■ EXTRACTED RECORDS ■
+++

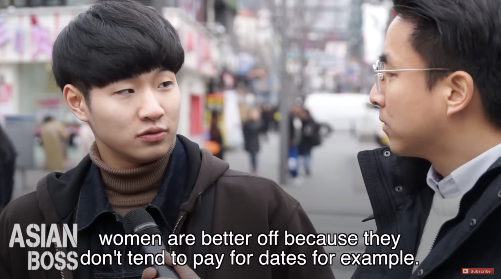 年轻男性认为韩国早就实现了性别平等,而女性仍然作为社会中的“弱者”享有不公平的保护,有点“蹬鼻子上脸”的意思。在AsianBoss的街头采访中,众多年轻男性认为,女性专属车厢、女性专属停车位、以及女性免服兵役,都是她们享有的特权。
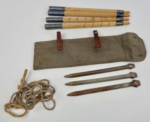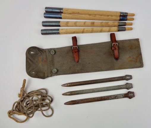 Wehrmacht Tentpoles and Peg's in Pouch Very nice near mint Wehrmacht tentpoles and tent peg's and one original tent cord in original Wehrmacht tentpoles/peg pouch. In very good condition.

+++

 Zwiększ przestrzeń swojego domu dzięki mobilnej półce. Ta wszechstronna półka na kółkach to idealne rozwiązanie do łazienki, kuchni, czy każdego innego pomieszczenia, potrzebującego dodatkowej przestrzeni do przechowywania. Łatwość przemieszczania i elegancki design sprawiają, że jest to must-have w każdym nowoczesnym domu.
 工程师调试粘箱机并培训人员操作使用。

+++

■ WHAT NEEDS TO BE DONE ■
Look above for the line holding "年轻男性认为韩国早就实现了性" and output everything from it down to the line holding "Wehrmacht Tentpoles and Peg's", both ends included, exactly and without images.

■ REPLY TO THE TASK ■
 年轻男性认为韩国早就实现了性别平等,而女性仍然作为社会中的“弱者”享有不公平的保护,有点“蹬鼻子上脸”的意思。在AsianBoss的街头采访中,众多年轻男性认为,女性专属车厢、女性专属停车位、以及女性免服兵役,都是她们享有的特权。
 Wehrmacht Tentpoles and Peg's in Pouch Very nice near mint Wehrmacht tentpoles and tent peg's and one original tent cord in original Wehrmacht tentpoles/peg pouch. In very good condition.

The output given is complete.